This week for lunch bunch, I decided to create an old school favorite of mine: chicken pot pie. As much as I’d love to think I’ve always been a health guru, eating perfectly since the moment I could hop on a stool to help out in the kitchen, this is simply not the case. I hate to admit this, but growing up I was that Lunchables loving kid and frozen Stouffer’s Pot Pie fanatic.
Despite this shameful fact of mine, I grew up in an extremely active and healthy family. We somehow managed to sit down together to homemade dinner every night and Fruity Pebbles was simply a weird colorful food that I dreamed of at my friend’s house down the street. But hey, I was a skinny string bean of a kid running around with two older siblings – between all of our sports and activities, I don’t blame my mom for sometimes feeding me that not-so-healthy stuff to get in a few easy extra calories!
I recently read an article that outlines ten common habits that can sabotage our weight loss goals. It was a wonderful review by other Registered Dietitians on what we commonly preach in consulting sessions. One habit mentioned: Striving to be perfect. Holiday parties happen. We have a meal out. We crave that chicken pot pie (okay, I crave that chicken pot pie). We cannot let one poor decision get us down and ruin the rest. Slip ups happen! Just think – each new day is a chance for a new you. With Lunch Bunch, we are already eating healthy for 5 of our 35 meals a week (counting on the fact that you eating 5 meals per day). If 32 of our 35 meals are healthy choices, that is over 90 percent! That is success in my book!
If you have followed my rant so far, you may understand the direction I’m going with the chicken pot pie… I was craving this old school dish that I hadn’t had in years. Thus, I starting thinking up ways to make this meal in a healthy way that will leave me feeling both guilt-free and absolutely satisfied. I’m happy to say my creative brainstorming worked and the recipe is a tasty success!

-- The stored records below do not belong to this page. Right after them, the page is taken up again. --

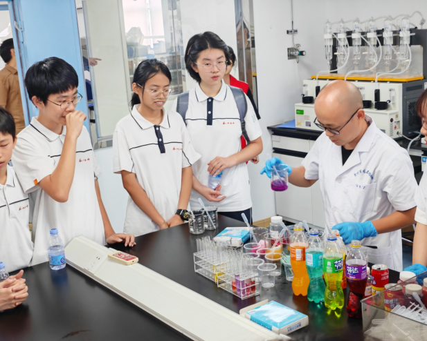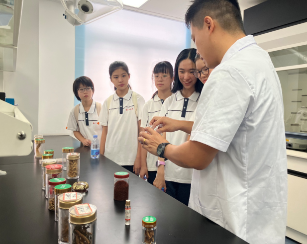 在实验室里,专业人员通过演示用吸色片快速鉴别饮料中的人工色素和天然色素,帮助学生树立科学健康的饮食安全理念;通过中药材展示对比,教导学生初步掌握从外形、纹路、气味等方面辨别三七、红花等常见药材,在观、识、嗅、触中感受中医药文化的博大精深;通过“库洛米”“线条小狗”等卡通图案增加教学趣味性;设计石灰水“变脸”及焰色反应动手实验,让学生通过亲身体验掌握气体成分检测的原理和反应相关科学知识。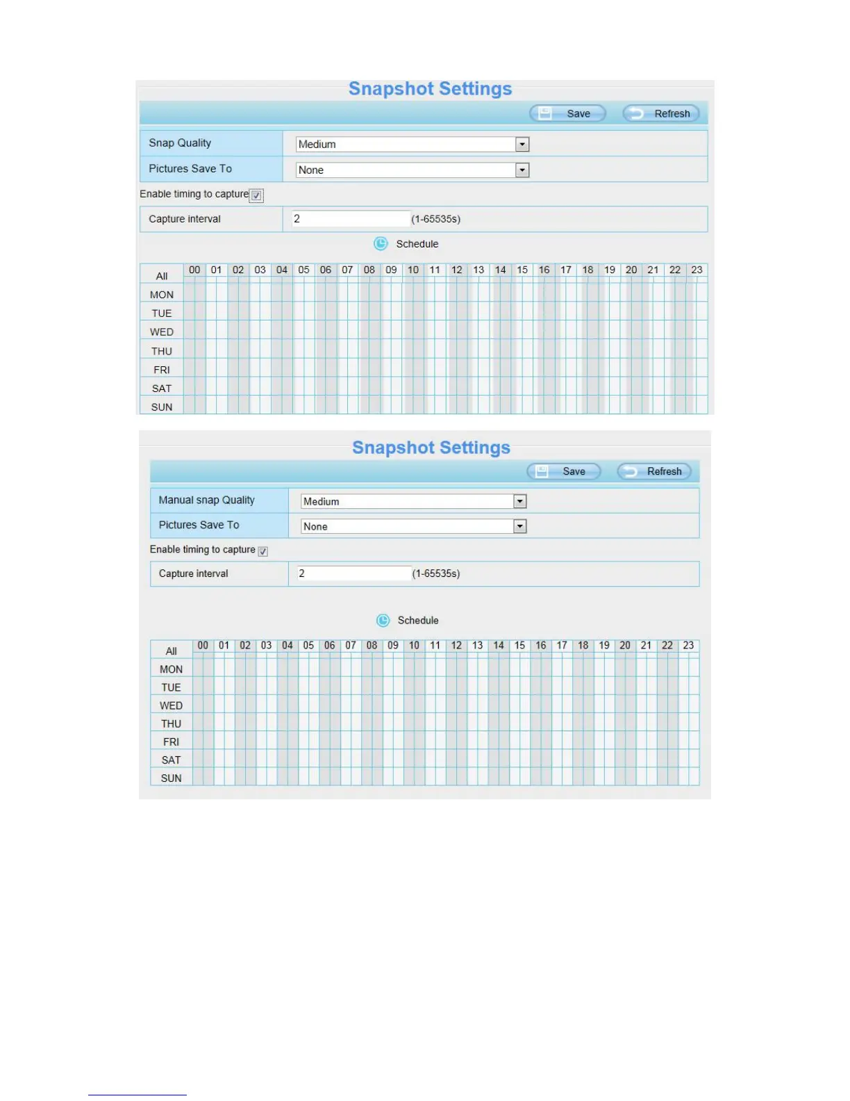 Manual Snap Quality: Low, Middle and High. The higher the quality, the picture will be clearer.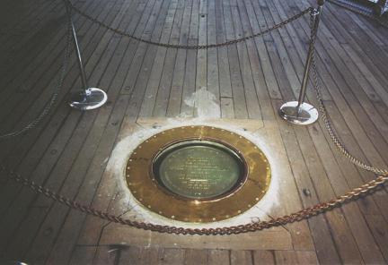 東京湾内に停泊中だった、戦艦ミズーリのこの場所で、日本の降伏文書は調印された。

These “pie-less” chicken pot pies are baked in mason jars and topped with cornbread to give you that crunchy, satisfying topping without the high calories or fat. I also used almond milk in the roux for the dairy sensitive. These mason jars are convenient for cleanup, are a simple serving size and easy to reheat. You should find these meals in a jar very filling with very little room to over eat – check that off of our healthy choices list for next week!

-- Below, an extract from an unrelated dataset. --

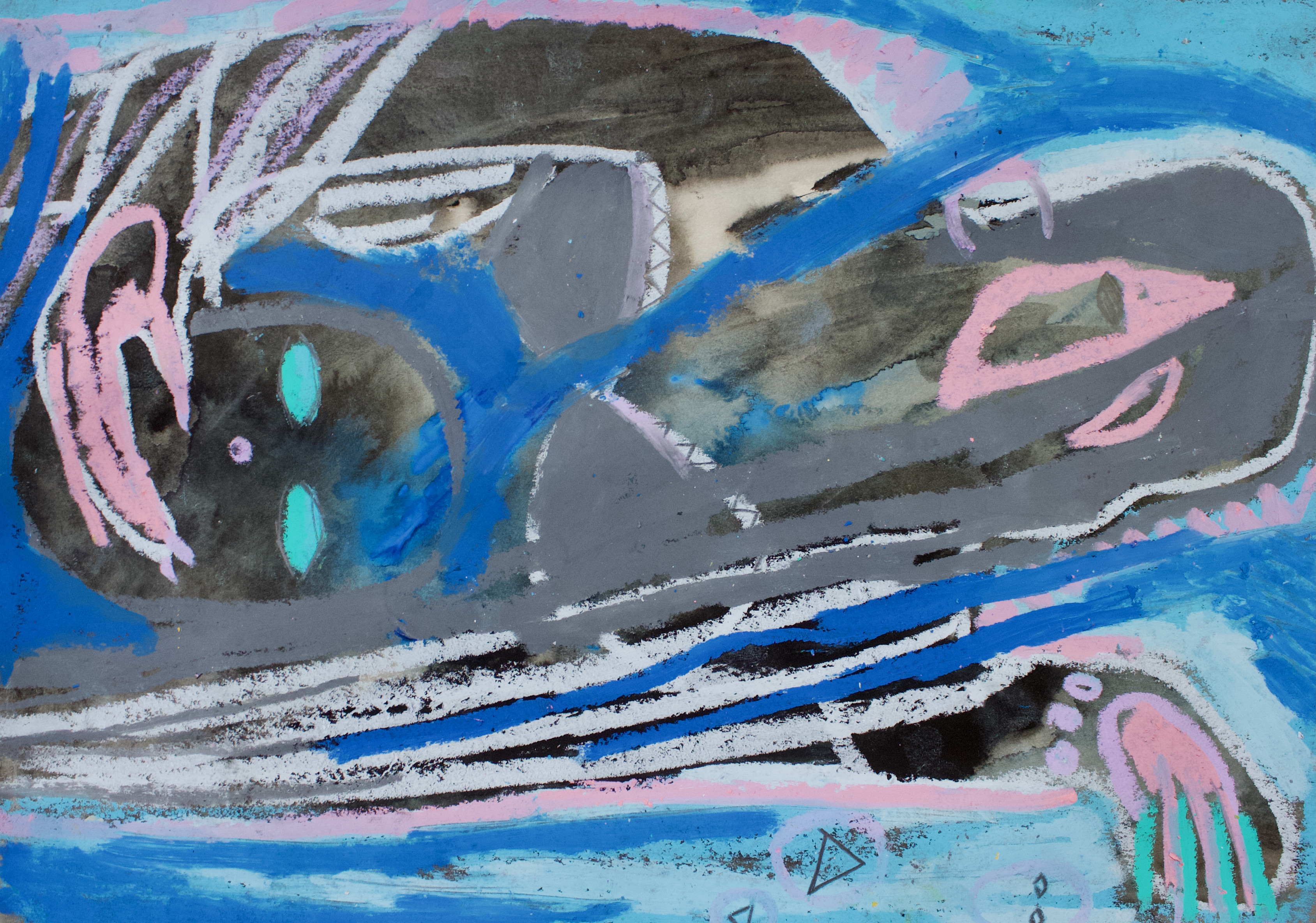 Memory of an echo, 22h x 30 w cm, watercolour, pencil and oil pastel on paper, 2022.

Get your printable Lunch Bunch here.
- 3 medium carrots
- 1 yellow onion
- 1-2 stalks celery
- 1 lemon (or lemon juice)
- Rotisserie chicken
- Almond milk, unsweetened
- 1 egg
- Extra virgin olive oil
- Vegetable oil
- Dried thyme
- Salt and pepper
- 1 bag frozen peas
- 16 oz wide lid mason jars (oven and microwave safe)
- 1 rotisserie chicken
- 3 medium carrots
- 1 cup frozen peas, thawed
- ½ yellow onion, chopped
- 1 cup celery, chopped
- 2 ½ cups almond milk
- ¼ cup flour
- ¼ tsp. thyme
- 2 T lemon juice
- salt and pepper, to taste
- Glutino Cornbread mix: 1 egg, vegetable oil, almond milk (or according to directions to your own mix on hand)
- Makes 5 servings
- Preheat oven to 400 degrees F.
- Pull meat from the chicken while still warm, trying to discard all fat and skin. Use white meat only. Shred the chicken into bite size pieces.
- In skillet, sauté carrots, onion and celery with EVOO over medium heat. Cook about 8-10 minutes, or until carrots are tender. Season with salt and pepper.

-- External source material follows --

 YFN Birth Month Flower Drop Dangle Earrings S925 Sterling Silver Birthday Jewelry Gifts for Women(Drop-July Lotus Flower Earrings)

- Add flour, while continuously stirring, for 1 minute. Gradually add milk, stirring until smooth. Cook, stirring occasionally, until mixture comes to a simmer and thickens. About 15-20 minutes.
- Remove from heat; stir in peas, lemon juice and chicken. Add thyme. Pour filling into mason jars to ¾ full.
- Mix gluten-free cornbread mix according to directions while roux is thickening. Top each mason jar with corn bread mix (you may have leftovers for a few muffins).
- Bake about 20-25 minutes, or until the cornbread is golden and the pot pie is bubbly. Wait 15 minutes to cool and enjoy.